The Lewis and Clark Expedition was a resounding success given the goals set for it by President Thomas Jefferson. Over a two-year period, the Corps of Discovery explored the lands of the Louisiana Purchase all the way to the Pacific Ocean, making discoveries of exploitable natural resources and ushering in generations of settler colonialism and Manifest Destiny, all with but a single casualty. The body of the expedition’s only death, Sgt. Charles Floyd, is now entombed under an obelisk on a bluff overlooking Sioux City, Iowa.
Sgt. Floyd, the expedition’s quartermaster, took ill with what was likely appendicitis in July 1804 during the first leg of the journey. He wrote in his diary that he had “recovered his helth again,” that month, but his helth soon took a downturn. On August 20, 1804, he passed away at just 21 years of age He was buried with military honors on a bluff just south of a river, which was then named for him. A modest cedar gravestone was then placed over the location of his presumed final resting place. Unfortunately, Sgt. Floyd’s journey was only just beginning.

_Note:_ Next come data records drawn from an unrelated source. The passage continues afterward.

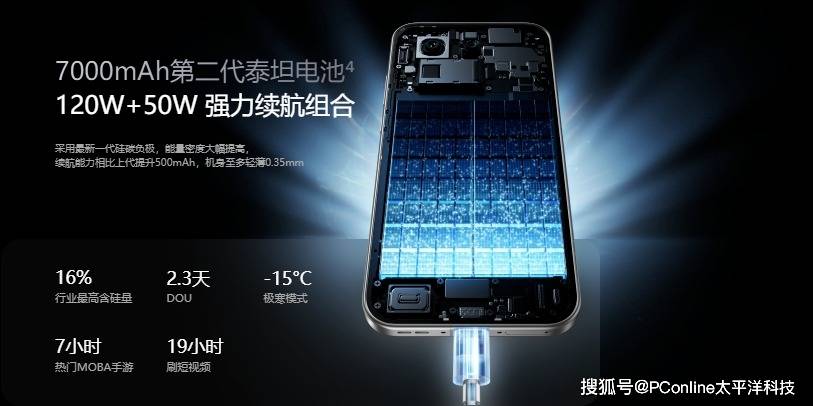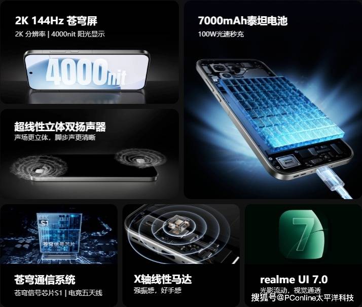 真我GT8 Pro内置7000mAh第二代泰坦电池,支持120W有线闪充与50W无线闪充,15分钟充至50%。机身厚度较上代减少0.35mm,兼顾轻薄与持久续航。苍穹通信系统优化信号调度,使蜂窝游戏信号提升25%,在弱网环境下依然稳定流畅。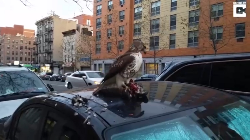 В Нью-Йорке ястреб разделал голубя прямо на крыше припаркованого автомобиля.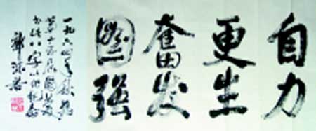 據(jù)了解,這幅寫在1.42米×3.57米宣紙上的行書“自力更生奮發(fā)圖強(qiáng)”,八個字蒼勁有力、氣勢磅礴。一些人士分析,這恐怕是郭老書寫的最大書法作品了。
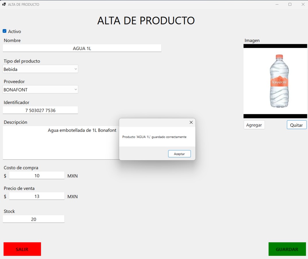 Ilustración 8. Vista ALTA DE PRODUCTO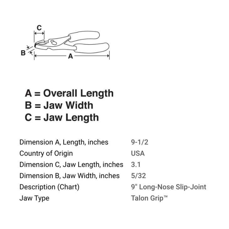 | Description (Chart) | 9" Long-Nose Slip-Joint | |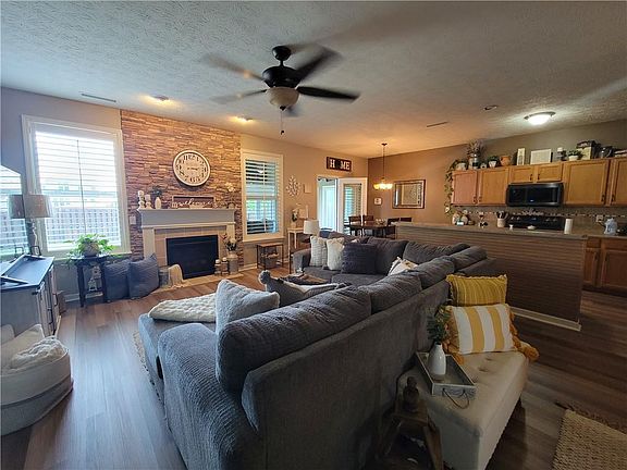 This AMAZING home is perfectly decorated and boasts a split floorplan w/ 3Br/2BA in the desirable Lakes of Prarie Crossing. Open concept living area with a stone fireplace, and raised ceilings. Updated kitchen with w/breakfast island, title splash, and Samsung SS appliances. Newer flooring and deluxe plantation shutters throughout the home. BONUS is the amazing 4 Season Sunroom off the kitchen to give additional living space that leads out to the backyard. Outside you will enjoy the manicured landscaping, fully fenced yard, irrigation system and storage shed.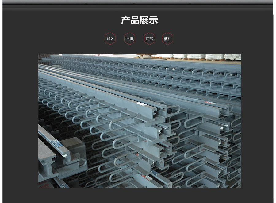 單組式伸縮量40-80mm,常用于高速橋,高架橋以及跨??绾哟髽蛑?具有經濟耐用,防水抗拉伸的特點,是市場中最常見的橋梁伸縮縫之一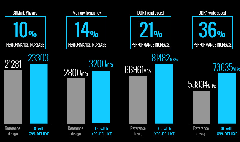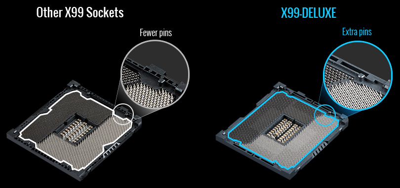 Der OC Socket von ASUS ist auf Spitzenleistung ausgelegt: Er verwendet zusätzliche Pins, um die versteckten Funktionen der Haswell E-Architektur mit einer speziellen Schaltung von ASUS zu verbinden. In Verbindung mit ASUS angepasstem UEFI-BIOS werden beim Übertakten so höhere DDR4-Speicherfrequenzen, niedrigere Latenzen und eine verbesserte Stabilität erreicht – bis hin zu extremen Anwendungsfällen mit Flüssigstickstoffkühlung. Der OC Socket ist vollständig kompatibel mit dem Sockel LGA 2011-v3 für CPUs der Haswell-E-Architektur und stellt damit die ideal Verbindung von Übertaktungsmöglichkeiten und Kompatibilität dar.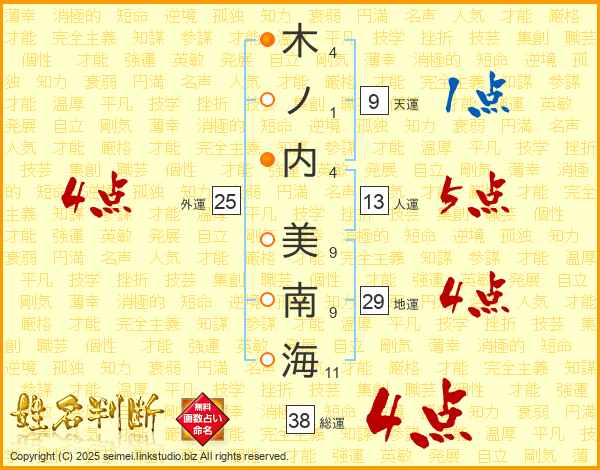 木ノ内美南海さんの総運は38画の4点!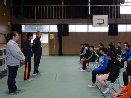 卒業式の予行が終わった後、6年生と5年生の子ども達にむけて、先生方が一言ずつ話をしました。子ども達はどの先生の話も真剣に聞いて、卒業式への気持ちを高めていました。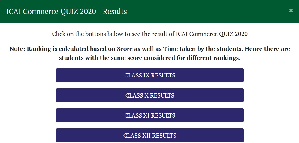 ICAI Commerce Quiz 2020 Results : icaiquiz.org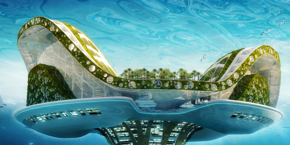 entworfenen "Lilypads". Sie treiben auf den Weltmeeren und sollen alle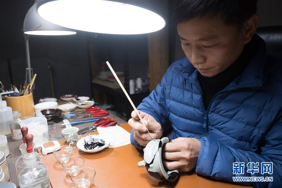 1月15日,吳榮強(qiáng)在龍泉市牛頭嶺村“七分醉”工作室對(duì)一件青瓷器皿進(jìn)行漆繕。 新華社記者翁忻旸攝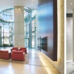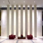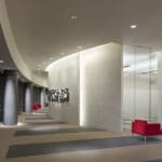 Many unique clouds and custom ceilings make this project stand out, as well as the cylindrical tower-skylight at the main entrance to the complex.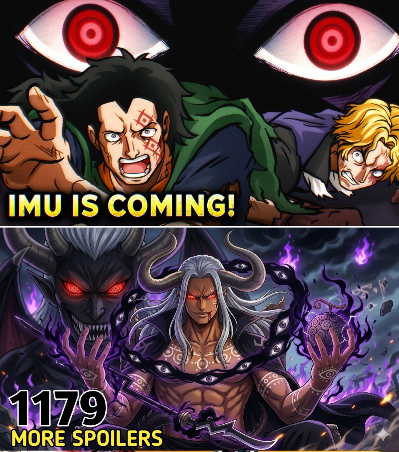 He is officially identified as Saint Nerona Imu, one of the original Twenty Founders who established the World Government 800 years ago. His design is a chilling blend of divine and demonic: curved horns reminiscent of the Elbaph legend of Loki, a “devil’s tail” (the same one that pierced Sabo in Mary Geoise), and a black “hagoromo” cloud scarf adorned with biblically accurate eyes.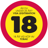 Publicerad:Beställ dekalen: "Är du under 25 år? Visa legitimation. 18 år vid köp av tobak".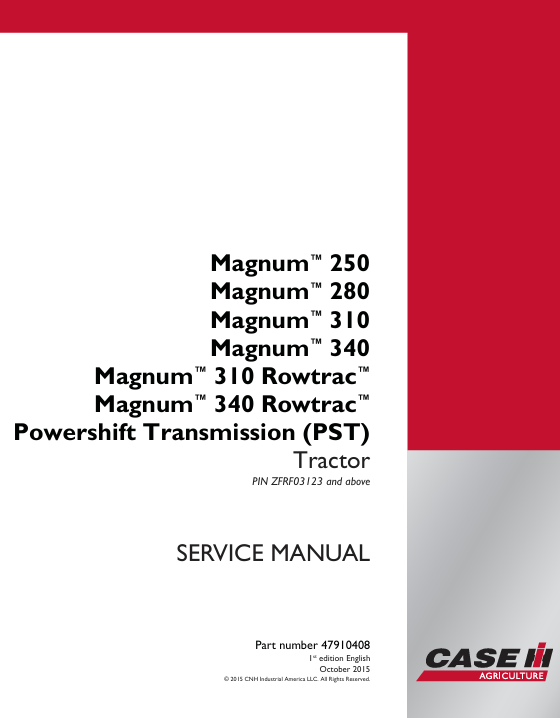 Original Factory Service Repair Manual for the Case Magnum 340 Rowtrac Tractor. This manual is very detailed and contains all the official CASE manufacturer specifications, troubleshooting, repair instructions step by step with illustrations and wiring diagrams. Simple to complicated repairs can be completed effortlessly with the information provided. It is 100 percent complete and intact. The manual is specifically written for the the experienced mechanic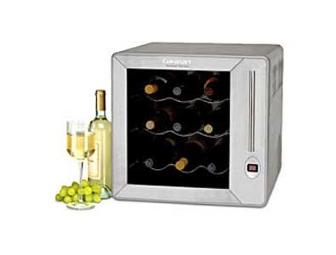 CUISINART FEATURES- Private Reserve Wine Cellar Cuisinart presents an alternative to expensive, full size wine cellars with the Cuisinart Private Reserve Wine Cellar. Traditional stainless steel styling and the option of soft interior lighting, beautifully display up to 11 bottles of wines and champagnes. Patented temperature control guarentees that different varieties are stored at ideal serving termperatures. Thermoelectric compressor-less cooling makes this countertop cellar lightweight, easy to carry....and quiet! Features include 8 presets for proper serving and storage temperatures for any variety of white or red wine, 3 removable chrome racks designed to hold 750ml or 1500 ml bottles, double pane tinted viewing window and ability to adjust temperature manually...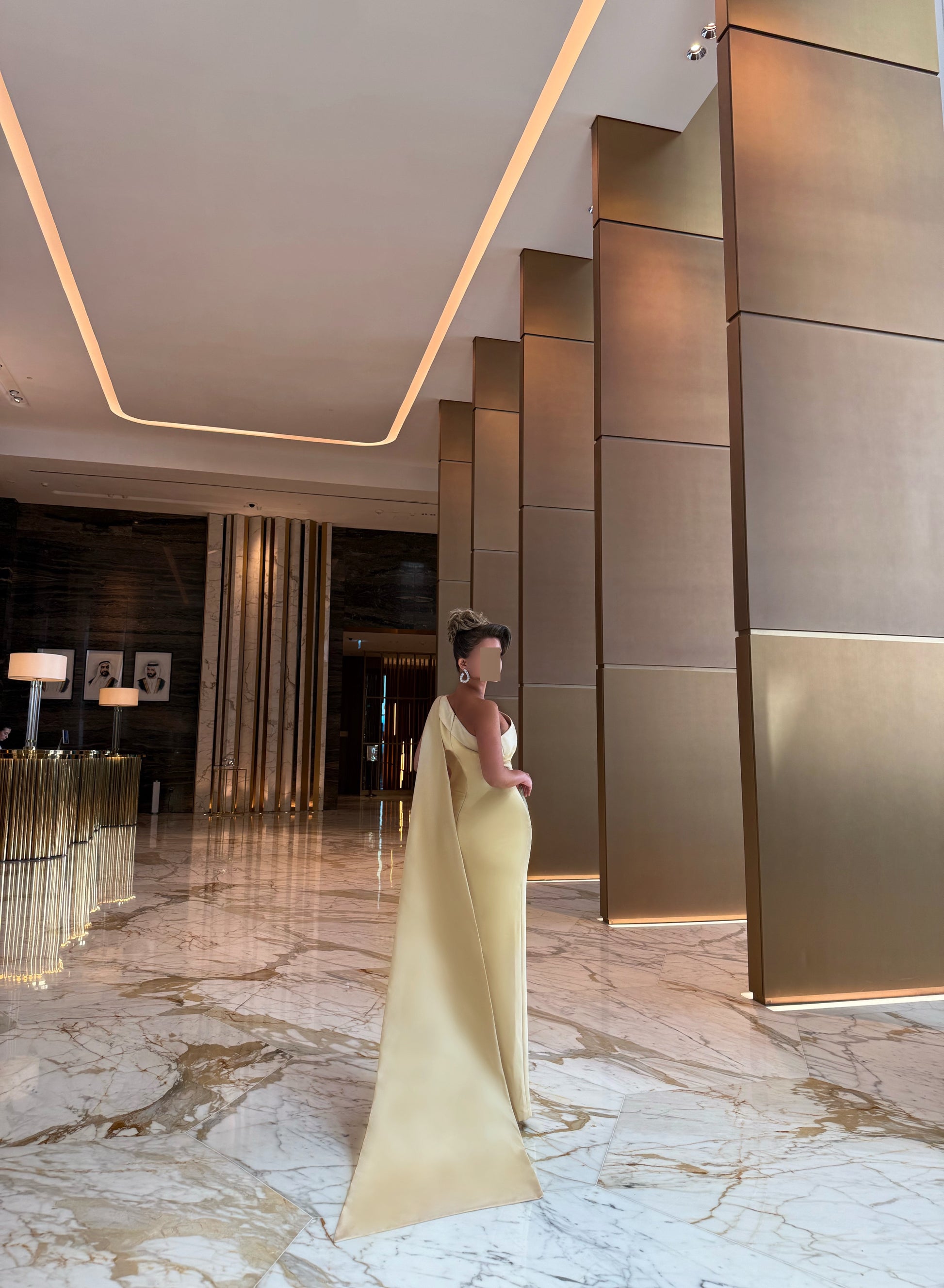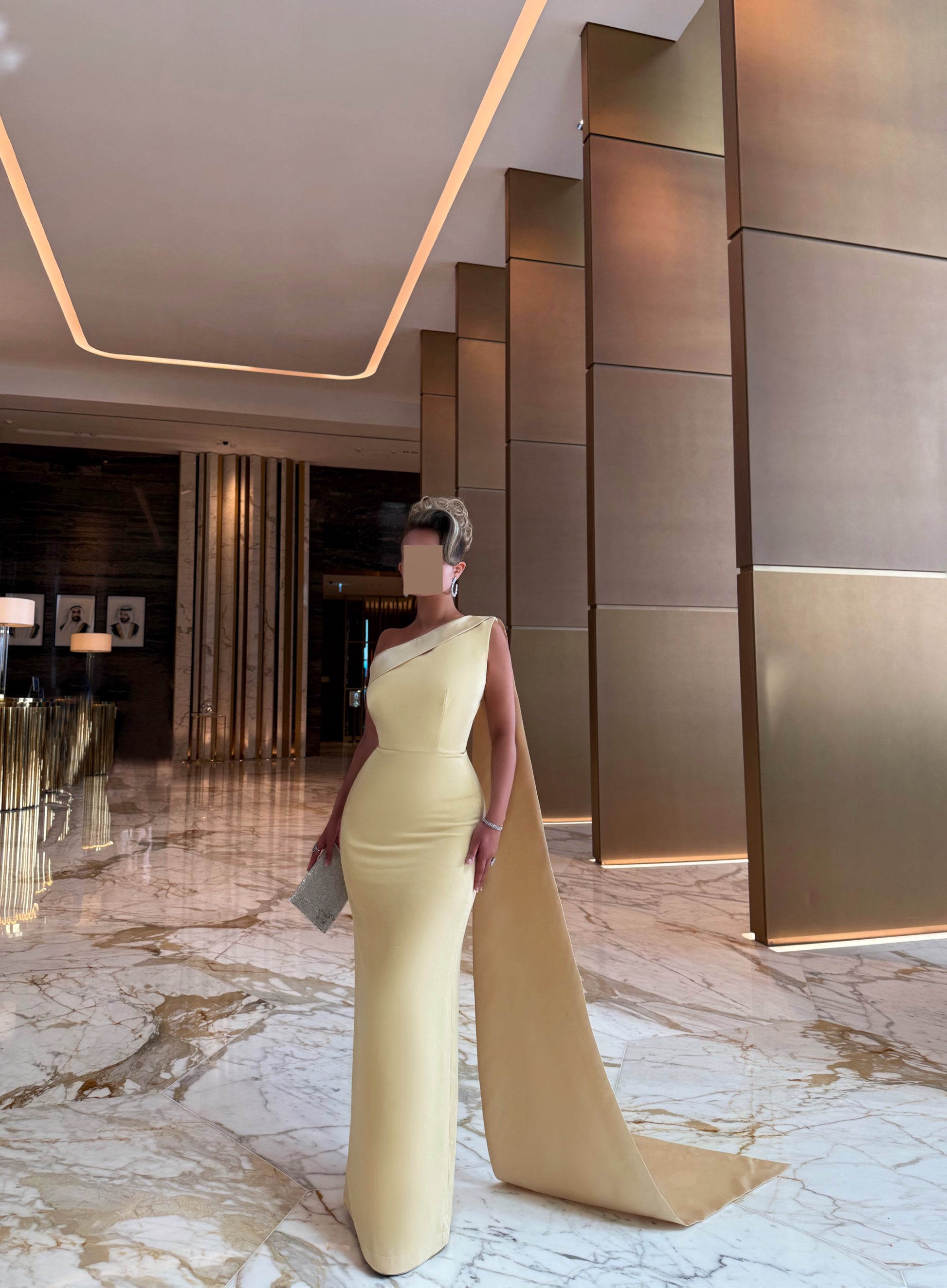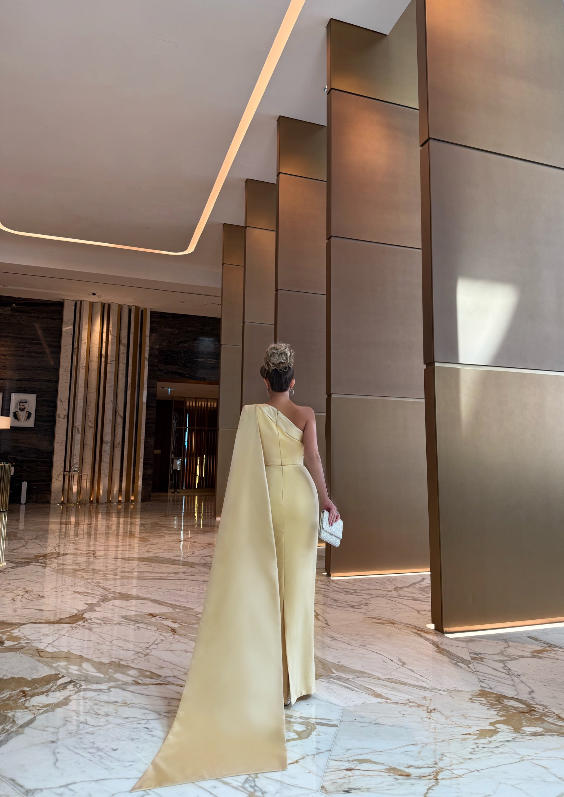 BUTTER YELLOW ONE SHOULDER STRAIGHT FIT DRESS WITH TRAIL

By the 1850s, the town of Sioux City had grown around the banks of what is to this day known as the Floyd River. South of town, Missouri River erosion had affected the bluff, and a heavy 1857 rainstorm washed away his grave. Alarmed citizens gathered whatever remains they could, and reburied him back of the river. His grave was then lost to history a second time, when in 1894, the rediscovery of his diary led the residents of Sioux City to once again search for his gravesite. A year later, his grave was found in a field trampled by cattle. His remains were exhumed, and he was reburied under a marble slab.
After nearly a century of being treated like lost housekeys, Sioux City residents wanted to finally do something grand with this young explorer’s remains. Inspired by the new Washington Monument, the Floyd Monument Association decided to build a 100-foot-tall obelisk. After five years raising funds, the monument’s construction began in 1900, and on Memorial Day, 1901, the monument was completed. Sgt. Floyd was entombed inside the monument, finally laid to rest at last. In 1960, the Sgt. Floyd Monument was named the first-ever National Historic Landmark in the United States, and efforts to preserve this site continue to this day.